Telecoms.com periodically invites expert third parties to share their views on the industry’s most pressing issues. In this piece Matias Madou, Co-Founder & CTO of Secure Code Warrior, looks at the implications of a new piece of UK, telecoms-specific legislation.
The Telecoms Security Bill, which seeks to introduce a new security framework for the UK telecoms sector, is currently being passed through the UK parliament. The bill aims to ensure that public telecommunications providers operate secure and resilient networks and services, and manage their supply chains appropriately.
Telecoms, like many other industries, have relied on a reactive approach to security for far too long, and while the new rules introduced by the bill don’t prioritise a grass-roots approach to security led by secure coding, it does introduce a series of tests to ensure providers are meeting government standards. So, what exactly does the bill mean, and how are these new rules going to ensure that security risks and compromises are minimised in the sector?
Raising security standards, across the board
To put it simply, the Telecoms Security Bill aims to empower the government to boost the security standards of the UK’s telecoms networks, whilst removing the threat of high-risk vendors. These measures include new controls on the use of Huawei 5G equipment, for example, including a ban on the purchase of new Huawei equipment from the end of this year, and a pledge to remove all Huawei equipment from 5G networks altogether by 2027.
Another key change is around penetration testing, or “pen-testing” – under the new regulations, telecom providers will be required to pen-test their networks annually. Although many providers already test their networks regularly, the new security framework will make the practice compulsory. In order to the understand the potential impact of the bill, we need to drill down into what pen-testing actually and why it’s so essential for the industry.
Compulsory annual pen-testing
Pen-testing is a security technique designed to identify, test and flag vulnerabilities in IT systems. This is done by allowing “ethical hackers” to simulate cyberattacks to test the security of a computer system, website, network or application. Creating a simulation helps to identify vulnerable entry points into a company’s IT infrastructure and test the strength of security networks against possible real-life scenarios by mimicking methods used by hackers.

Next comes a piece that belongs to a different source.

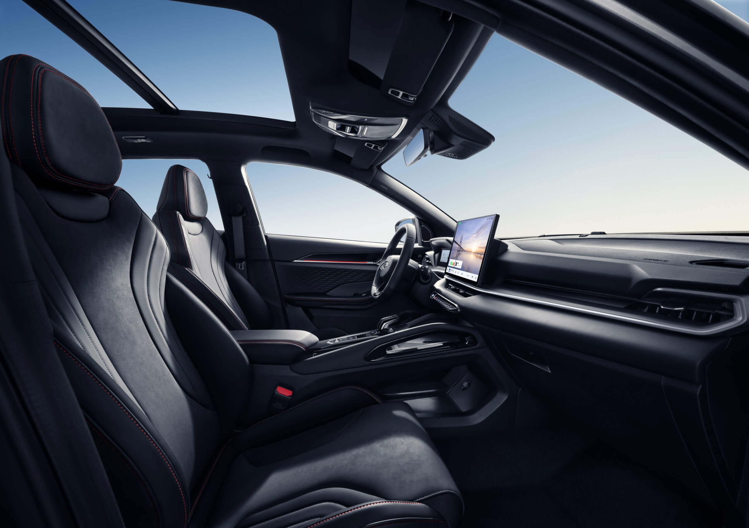 El amplio techo panorámico de apertura eléctrica llena la cabina de luz natural y refuerza la sensación de espacio, con protección solar y aislación térmica para viajar más cómodo en cada trayecto.

From code through to network, it is an important exercise for businesses to put their security infrastructure through its paces, using a process that is unique to each IT system and its structure. By using a tailored approach, organisations will see vulnerabilities before hackers exploit them – a benefit for both security teams and customers using the network. Although regular pen-testing has only just become mandatory, Markets and Markets recently reported that penetration testing remains on track to become a $4.5 billion industry by 2025. By making pen-testing a law as part of the proposed telecoms bill, failure to comply would mean substantial fines for organisations (up to 10% of revenue turnover).
While pen-testing forms an integral part of securing telecoms networks, it is important to note that it’s not an instant fix for any organisation’s security offering. A successful pen-test heavily relies on the tester’s level of experience – if the professional hacker is unfamiliar with a particular IT system or application, for instance, organisations can’t be sure their infrastructure has been truly tested. Pen-testing is not a full security audit and shouldn’t hold the same weight as one. Additionally, it is often the case that security teams are poised and ready to react when pen-testing is underway, which is not representative of a real cyberattack, whereby the security breach is often unexpected.
A spotlight on secure code
A more efficient way to maximise telecoms security which doesn’t feature in the proposed government bill is secure coding. If the developers responsible for the code creation behind telecoms networks were properly trained and more security-aware, a lot of issues would be nipped in the bud.
Many companies and government bodies who are looking to build more robust security programs that stay in step with key security developments are already investigating a more preventative approach, however, it is imperative that the people factor is a key consideration in any defensive security plans. Investing in security-conscious developers in the first instance saves businesses the headache of dealing with security lapses retrospectively, as vulnerabilities are eliminated from the beginning of the software development journey.
Overall, the new regulations forming the Telecoms Security Bill are a positive move for the industry. With pen-testing becoming compulsory, more vulnerabilities will be highlighted and telecoms networks will become more secure by default. However, it is important to use pen-testing in conjunction with other security methods, such as upskilling developers in security from the start, in order to ensure the most secure outcome.
Matias Madou is the current the CTO and co-founder of Secure Code Warrior. He is a researcher and developer with more than 15 years of hands-on software security experience. Over his career, Madou has led multiple application security research projects which have led to commercial products and boasts over 10 patents under his belt. When he is away from his desk, he has served as an instructor for advanced application security training courses and regularly speaks at global conferences including RSA Conference, Black Hat, DEFCON, BSIMM, OWASP AppSec, and BruCon. Madou holds a Ph.D. in computer engineering from Ghent University, where he studied application security through program obfuscation to hide the inner workings of an application.